# Spare Toilet Cassette



## HeatherChloe (Oct 18, 2009)

I saw one for sale on Outdoor Bits and I wondered how many people carry a spare and how useful you find it.


----------



## Rapide561 (Oct 1, 2005)

*Cassette*

I have sold two recently, so there must be a requirement, but mine were only £30, so ideal as a spare if the other has a leak.

Useful for wild campers though if there is nowhere to get rid of the spent pennies etc

Russell


----------



## mandyandandy (Oct 1, 2006)

We have carried a spare for 5 years and used it twice, both times really glad we had it but is it worth taking up the space. Bit like those without spare wheels, how many times does anyone need one, but when you do!!! 

We will still carry it, much to his annoyance  I like to be prepared and as I am the one who empties I get a say for a change. 

Mandy


----------



## Zepp (May 14, 2009)

We carry a spare ( got it off ebay £40 ) never used it yet

We bought it after our last trip to Europe when we done a bit of wildcamping a spare cassette would have been very handy on a few occasions .

Paul


----------



## duxdeluxe (Sep 2, 2007)

We don't carry one, but sometimes think that it isn't a bad idea at all. Storage is a problem, though, so on balance it is unlikely that we will do so......


----------



## nicholsong (May 26, 2009)

Heather

We bought one from a MHF Member recently because we mainly wild-camp. We used it within 2 weeks, but had we not had it we would have found another solution.

Of course we do not have any limitation on storage space. the extra weight of a full cassette has to be taken into account if payload is tight.

I doubt whether anyone mainly using sites would need one.

Geoff


----------



## clive1821 (Mar 27, 2010)

Yes Heather, I do carry a spare unit with me and have used it from time to time, more so when I'm on events when there are no real places to clean the cassette, I do find it very useful....


----------



## erneboy (Feb 8, 2007)

We carry two spares and use them regularly, but then we don't use sites.
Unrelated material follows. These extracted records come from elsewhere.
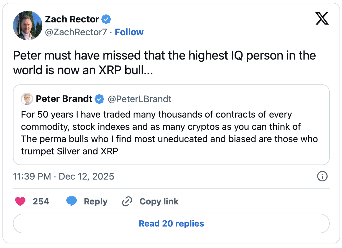 After Brandt’s words, rapid responses came from the XRP front. Zach Rector, a well-known XRP commentator, responded with a remarkable example. YoungHoon Kim, who was previously a strict Bitcoin maximalist and introduced himself as “having the highest IQ in the world”, announced that he would start buying XRP on December 12, causing surprise in the markets. This development was interpreted as an important signal that the perception towards XRP may change.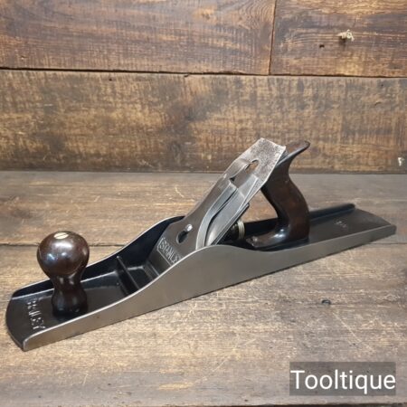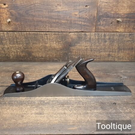Antique Stanley USA No: 6 Jointer Plane with Rosewood Handles, fully refurbished ready for use and in good used condition. When refurbishing planes, we do not merely clean them to make them look good, they are restored to a level that ensures this plane is actually ‘in plane to within 0.05mm’ sharpened, honed and all the components are thoroughly cleaned so that they move freely. Our planes are specifically reconditioned to satisfy professional tradesmen who will instantly know the difference between buying one of our planes over general other used ones.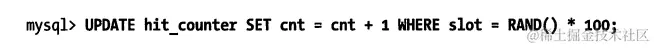 问题在于,对于任何想要更新这一行的事务来说,这条记录上都有一个全局的互斥锁(mutex)。这会使得这些事务只能串行执行。要获得更高的并发更新性能,也可以将计数器保存在多行中,每次随机选择一行进行更新。这样做需要对计数器表进行如下修改: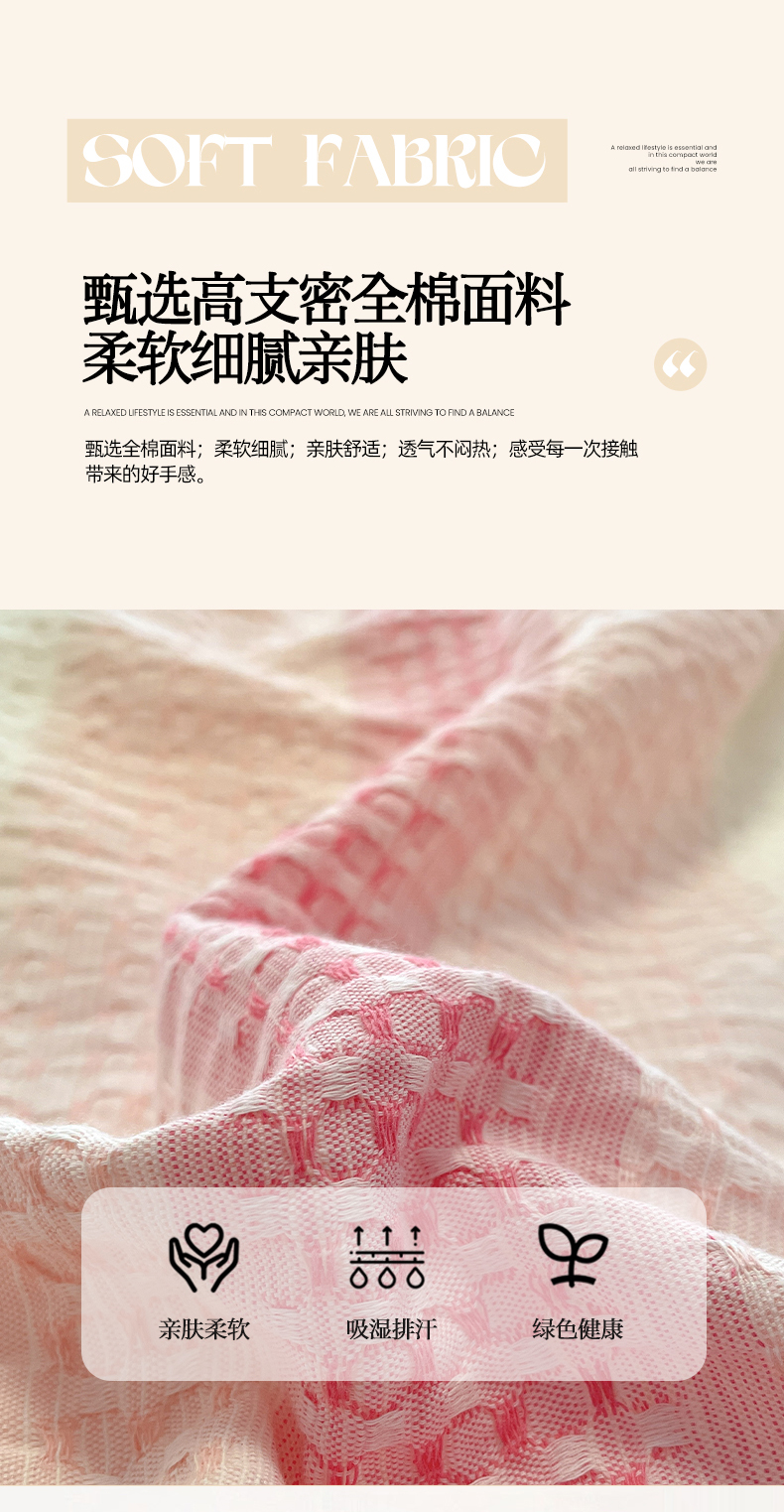 商品名称:(总)莱茵家居 2025春夏新款A类色织华夫格提花全棉四件套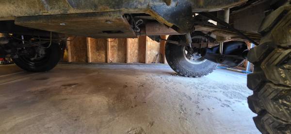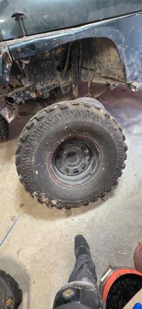 spring over springs and shackles. Custom rear bumper and tire carrier. Custom trans skid plate. Shock extenders. Front axle is a Dana 30 with 4.56 and a locker- missing axle shafts. Rear axle Dana 35 missing ring and pinion. Comes with 2 centerline aluminum wheels and 2 warn steel wheels(different bolt pattern) and 3 35x12.5 Super Swamper SSR's and 2 Goodyear MTR tires. Frame is in good condition.I have the title. Text with questions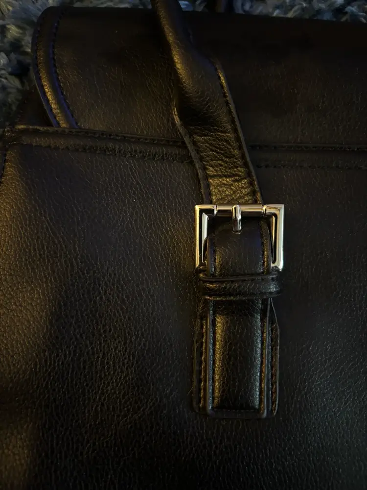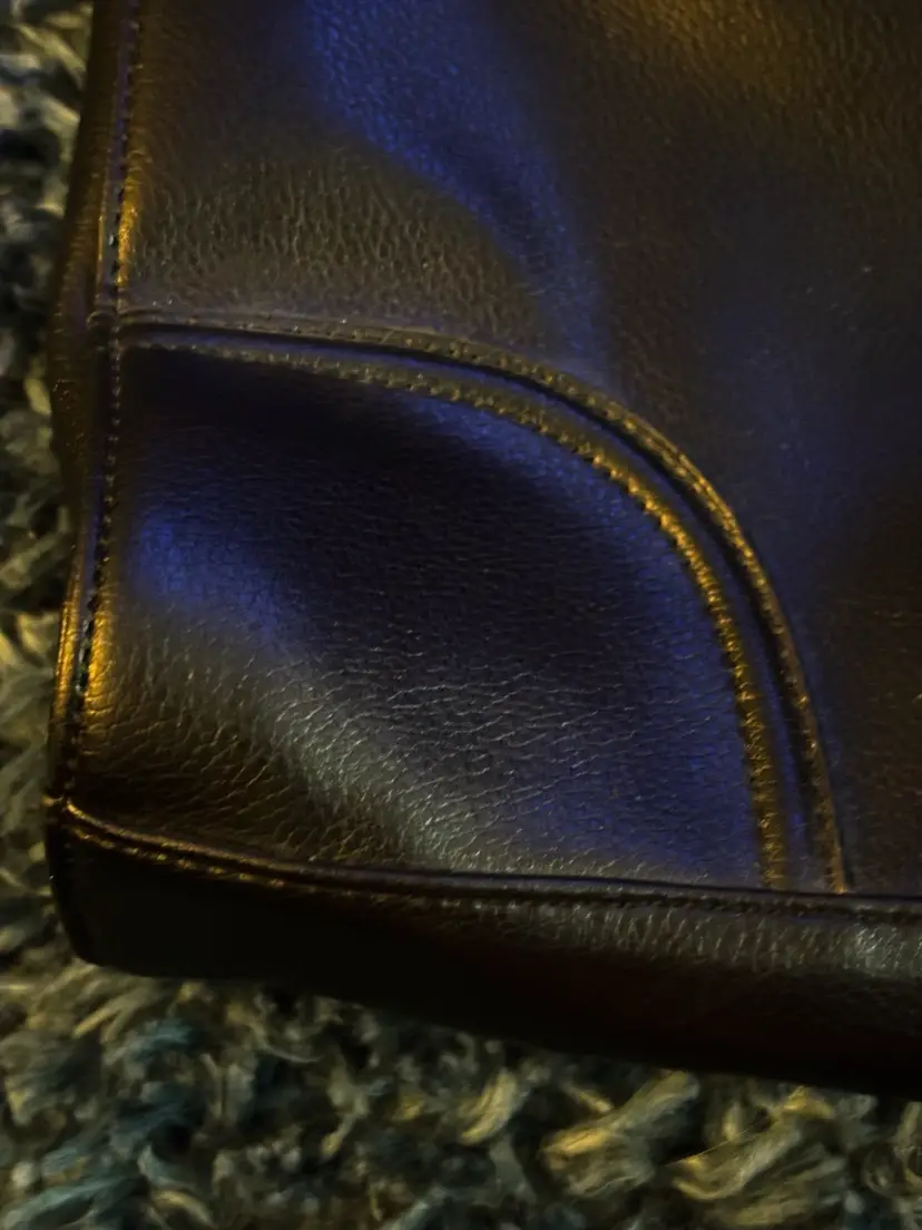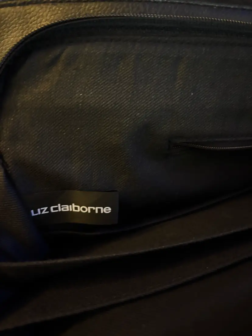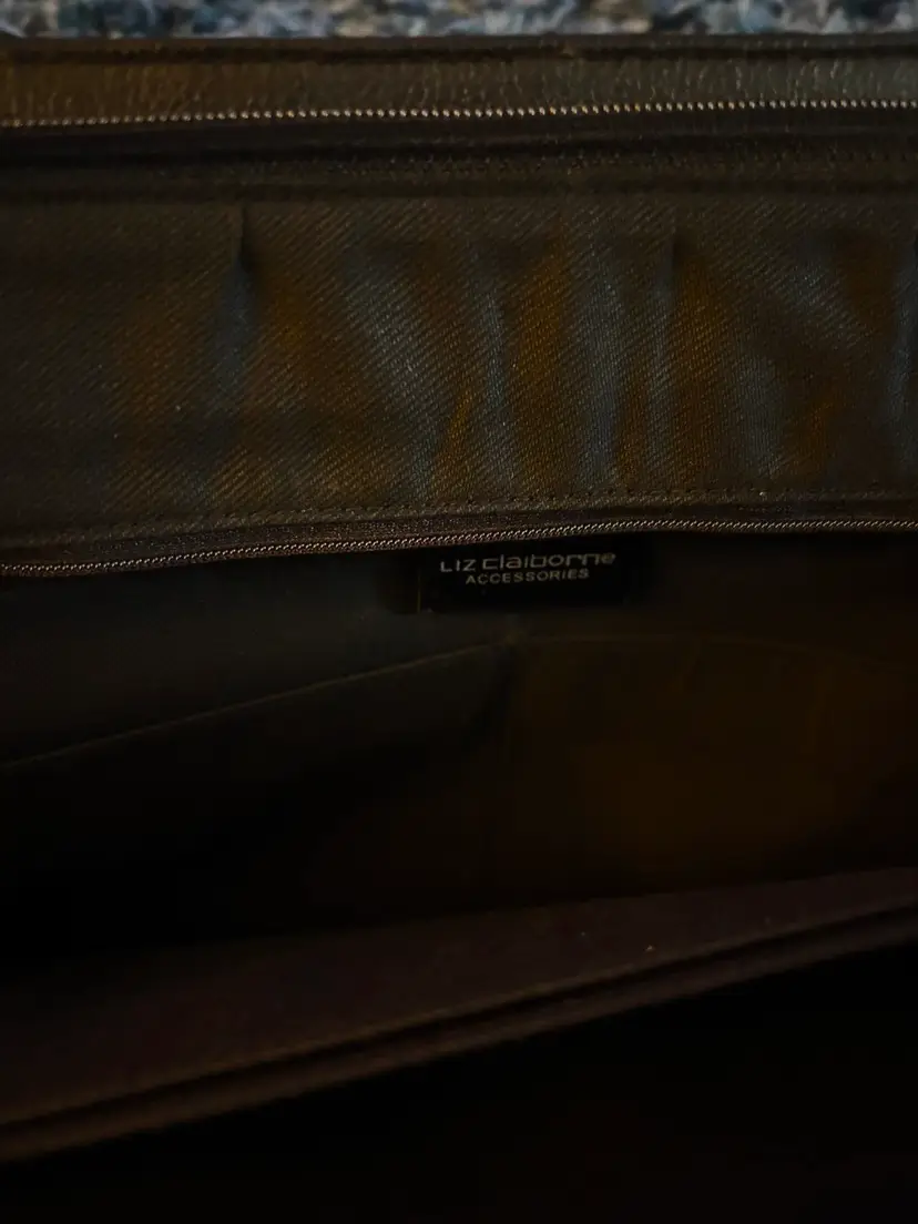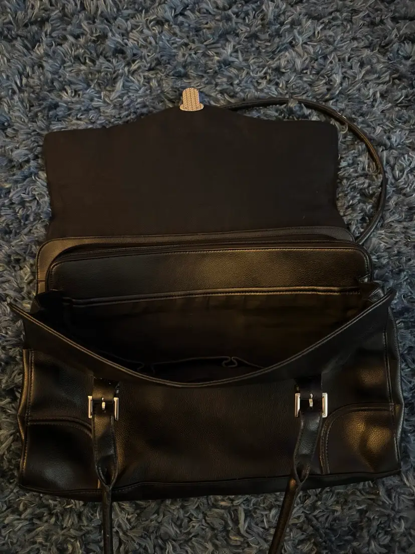 Approx. 16”x 13” Shell 100% polyvinyl Lining 100% cotton Nice bag in pristine condition, one little place under strap shown in photo. Black with silver tone metal. Briefcase style. Lots of pockets/sections/dividers! Reinforced corners! Will hold tablet/laptop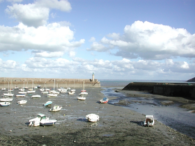 Vue de l'avant-port de Binic à marée basse : les deux jetées se rejoignent en amont, offrant une bonne protectionImmatriculation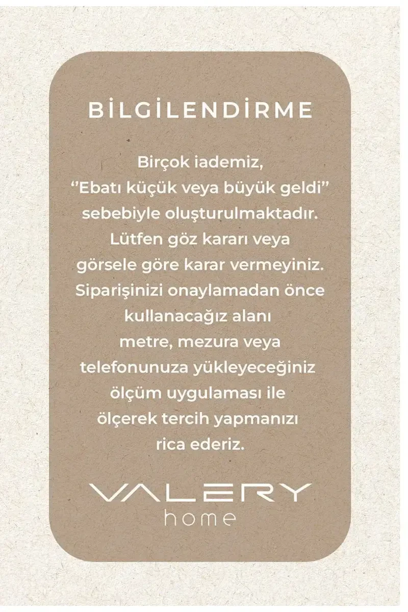 Bring aesthetics and comfort to your living spaces with the Bienal VL Fringed Modern Woven Carpet. Made of high-quality materials, this carpet adds elegance and warmth to every corner of your home, from the living room to the hall, from the kitchen to the bedroom. With its modern design and elegant fringe details, this carpet will add a sophisticated touch to your home decoration. This carpet, offered with Valery Home assurance, maintains its original beauty for years with its long-lasting and durable structure.Our carpets are produced with a special weaving technique and have a iridescent appearance. Thanks to this feature, the color tones change when the carpet is viewed from different angles, thus adding a dynamic atmosphere to your space. It offers a darker and matte appearance when viewed from below, while creating a lighter and brighter effect when viewed from above. This unique feature ensures that the carpet always looks different and interesting.Slight color changes may occur due to light differences in studio shots, but the real colors of the carpet will fascinate you when it arrives at your home. This carpet, which will completely change the atmosphere of the room you will use, adapts to all kinds of furniture and decoration styles with its modern design.This carpet, produced on state-of-the-art carpet weaving looms, is created with the perfect combination of polypropylene and polyester yarns. In this way, it has both a durable and soft texture. Walking on the carpet is extremely comfortable thanks to its 7.5 mm pile height. In addition, our carpet absolutely does not shed pile or fluff, making it an ideal option for allergy sufferers and those who care about hygiene.Bienal VL Fringed Modern Woven Carpet is also user-friendly thanks to its easy-to-clean feature. It does not collect hair or fluff, which makes sweeping very easy. It is important to pay attention to our washing and usage recommendations to ensure the long life of your carpet. Instead of washing it at home, you can wipe it with a soft cloth using carpet shampoo suitable for natural yarns. When you give it to the washing center, you should definitely emphasize that heavy chemical cleaners containing SODIUM HYDROXIDE (CAUSTIC SODA) should not be used. It should not be washed in the washing machine.In order to prevent the dust that accumulates on the carpet over time from entering between the threads, it should be vacuumed at regular intervals. Vacuum slowly in the direction of the yarns with a vacuum cleaner. Never beat or hit it with a hard object. Avoid leaving it in direct sunlight for a long time and protect it from moisture. Immediately absorb liquid stains spilled on the carpet with a paper towel without wasting time. Never rub the stain by pressing on it during cleaning, as this will cause the stain to penetrate further into the carpet. Avoid using excessive water and shampoo during carpet cleaning. Do not pull loops from your carpet, cut off the loops that have come out from the carpet surface. You can gently wipe your carpet with a cloth, which will provide easier cleaning for our valued customers. Bienal VL Fringed Modern Woven Carpet is an ideal choice to add elegance and comfort to every corner of your home.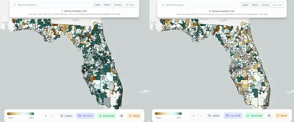 - Aanbodelasticiteit. In tegenstelling tot veel huizenmarkten in het noordoosten en middenwesten, kent Florida een hoger niveau van woningbouw en meergezinsbouw. Toen dat nieuwe aanbod op de markt kwam in de post-pandemische huizenhausse waarin de betaalbaarheid onder druk stond, gebruikten bouwers waar nodig grotere aanpassingen aan de betaalbaarheid – zoals het opkopen van hypotheekrentes en prijsverlagingen – om het te verplaatsen. Dat hielp de wederverkoopmarkt in Florida verder af te koelen door kopers die anders misschien bestaande huizen hadden gekocht, naar nieuwbouw te trekken. Als gevolg hiervan zorgde dit voor extra opwaartse druk op de wederverkoopvoorraad van Florida nadat de pandemie op de huizenmarkt was geëindigd.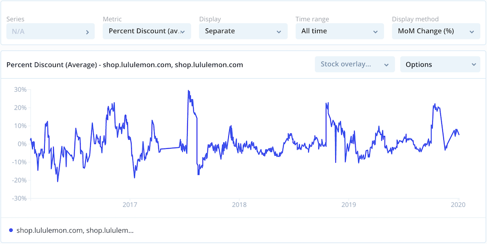You can now access MoM changes in charts in addition to YoY, QoQ and WoW previously. For example, track the average discount of LULU products on a MoM basis as a proxy for their holiday season sales.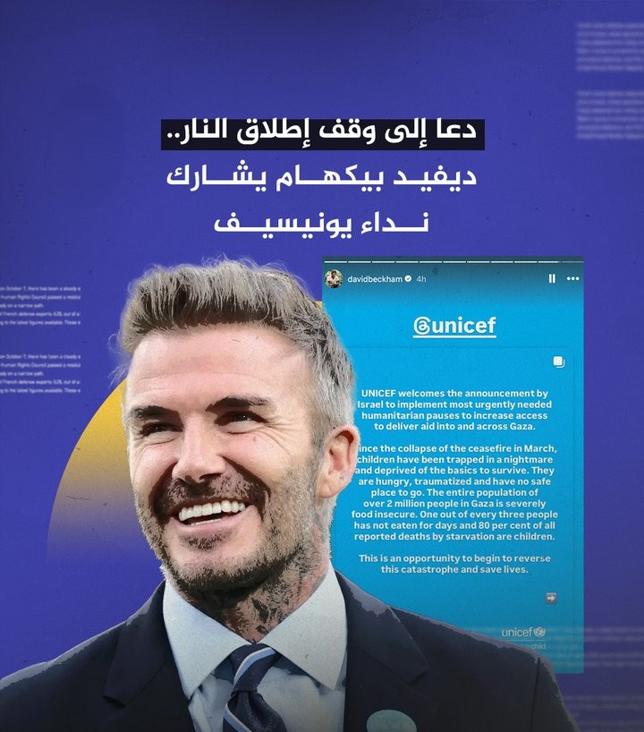وتفاعل الملايين حول العالم مع منشور ديفيد بيكهام، الذي جاء في توقيت حرج، يشهد فيه قطاع غزة تصعيدًا عسكريًا خطيرًا، واستمرارًا للكارثة الإنسانية المتفاقمة، في ظل سياسة تجويع ممنهجة تكاد تقضي على جميع السكان.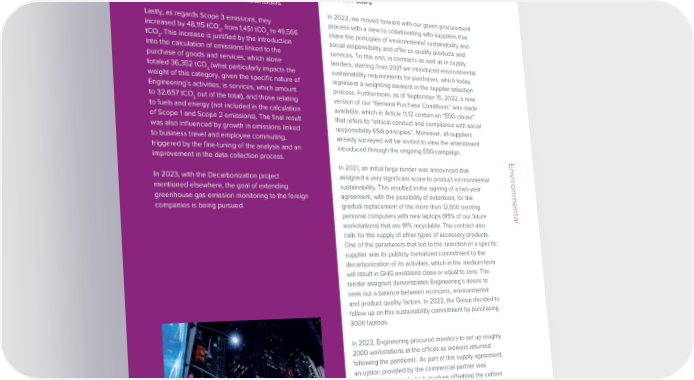 ESG / Sustainability Report / 2022 ESG / Sustainability Report / 2022 From Sustainable Procurement to asset end FOCUSED ON OUR IMPACT: THE CALCULATION Scope 2 emissions), business trips (by plane, train and center emergency generators in 2022, a higher of life OF OUR CARBON FOOTPRINTferry) and employee commuting. level of refills of refrigerant gas in 2022 and the improvement in the consumption measurement and GRI 305-1 GRI 305-2 GRI 305-3data collection process intended to fine-tune the GRI 306-1 306-2 The results precision of the data shared with stakeholders. The starting point for the implementation of a proper In 2022, Engineering’s total greenhouse gas emissions In 2022, we moved forward with our green procurement environmental impact reduction strategy is measuring the (Scope 1 + 2 + 3) amounted to 55,939 tCO . One new Lastly, as regards Scope 3 emissions, they process with a view to collaborating with suppliers that 2 company’s carbon footprint. The footprint is quantified factor in the calculation of the 2022 Carbon Footprint increased by 48,115 tCO , from 1,451 tCO to 49,566 share the principles of environmental sustainability and 2 2 on the basis of internationally recognized technical and compared to previous years is the measurement of tCO . This increase is justified by the introduction social responsibility and offer us quality products and 2 scientific criteria and standards in order to obtain an greenhouse gas emissions linked to the purchase of into the calculation of emissions linked to the services. To this end, in contracts as well as in supply objective result that can be repeated over the years. goods and services (GHG Protocol category 1) and purchase of goods and services, which alone tenders, starting from 2021 we introduced environmental those linked to fuels and energy not included in Scopes totaled 36,352 tCO2 (what particularly impacts the sustainability requirements for purchases, which today The Carbon Footprint is the main environmental indicator 1 and 2 (GHG Protocol category 3), bearing witness to weight of this category, given the specific nature of represent a weighting element in the supplier selection capable of quantifying an organization’s impact on climate Engineering’s efforts aimed at continuous improvement Engineering’s activities, is services, which amount process. Furthermore, as of September 15, 2022, a new change in terms of direct and indirect CO emissions: a in understanding its environmental impacts and, as a to 32,657 tCO out of the total), and those relating version of our “General Purchase Conditions” was made 2 2 figure which makes it possible to identify the activities result, in the direction of mitigating them. In 2021, Scope to fuels and energy (not included in the calculation available, which in Article 11.12 contain an “ESG clause” characterized by a greater “footprint” throughout the entire 1, 2 and 3 greenhouse gas emissions (which did not yet of Scope 1 and Scope 2 emissions). The final result that refers to “ethical conduct and compliance with social value chain. The following were included in the calculation consider emissions linked to categories 1 and 3, but only was also influenced by growth in emissions linked responsibility ESG principles”. Moreover, all suppliers of Engineering’s Carbon Footprint: those linked to GHG Protocol categories 6 and 7) instead to business travel and employee commuting, already surveyed will be invited to view the amendment amounted to 10,116 tCO . triggered by the fine-tuning of the analysis and an introduced through the ongoing ESG campaign. 2 - Scope 1 direct emissions from stationary combustion improvement in the data collection process.In 2021, an initial large tender was announced that Environmental (generated by the combustion of natural gas for Analyzing the results in detail, it can be seen that the heating the offices and the diesel used for Data Center Scope 2 market-based emissions were reduced by 2,466 In 2023, with the Decarbonization project assigned a very significant score to product environmental emergency generators), mobile combustion (generated tCO (-73%), from 3,400 tCO2 to 934 tCO . Engineering mentioned elsewhere, the goal of extending sustainability. This resulted in the signing of a two-year 22 by the company vehicle fleet, fueled for the most part achieved this result thanks to lower Data Center greenhouse gas emission monitoring to the foreign agreement, with the possibility of extension, for the with diesel and to a lesser extent with gasoline) and the electricity consumption (also linked to the effects of companies is being pursued. gradual replacement of the more than 12,000 existing EnvironmentalEnvironmentalsupply of refrigerant gas for the data centers;energy efficiency projects) and a larger share of energy personal computers with new laptops (95% of our future - Scope 2 indirect emissions from the consumption of coming from renewable sources. workstations) that are 91% recyclable. The contract also electricity acquired from the network and used at the calls for the supply of other types of accessory products. Group’s offices and 5 Data Centers (Pont-Saint-Martin, Scope 1 emissions on the other hand increased by One of the parameters that led to the selection of a specific Assago, Vicenza, Fiumicino and Turin);174 tCO (+3%), from 5,265 tCO to 5,439 tCO . This supplier was its publicly formalized commitment to the 222 - Scope 3 indirect emissions from activities associated growth was caused by an increase in liters of natural decarbonization of its activities, which in the medium term with the purchase of goods and services, fuels and gas consumed by the company vehicle fleet in 2022, will result in GHG emissions close or equal to zero. The energy (not included in the calculation of Scope 1 and an increase in liters of diesel consumed by the data tender assigned demonstrates Engineering’s desire to seek out a balance between

If have tried to arrange things so that when we are on a aire or travelling I need to do all the servicing at the same time. So a quick trip to the service point for a fill and empty and we are OK for the next three to five days, Alan.


----------



## GEMMY (Jun 19, 2006)

Alan, original in situ plus two spares and you're ok for the next 3 to 5 days. 8O . Make that doctors appointment asap. :wink: 

tony


----------



## Kev1 (Apr 4, 2011)

We have one and it came with the camper.
We wilded in France last month for a full month.
it was invaluable

However You need to store it full (so to speak) till you can find a place to dispose of it properly.
So we always placed it in a bin bag as well.


----------



## coppo (May 27, 2009)

GEMMY said:


> Alan, original in situ plus two spares and you're ok for the next 3 to 5 days. 8O . Make that doctors appointment asap. :wink:
> 
> tony


You beat me to it Tony. :lol:

We have 1 spare and use it regularly due to our camping style.

Paul.


----------



## erneboy (Feb 8, 2007)

I find that drinking a lot of beer tends to fill them up or could it be that I am just full of ####.

Or maybe I should just say bog off, Alan.


----------



## GEMMY (Jun 19, 2006)

I carry a spare, however, it was a spare for the previous van, doesn't fit this model. If I need to use it , it will be a case of decanting the 'used' one. 8O 

tony


----------



## teemyob (Nov 22, 2005)

*Old Van*

On our first van we had one and struggled. Sometimes there were 8 of us. The Ladies always filled the cassette.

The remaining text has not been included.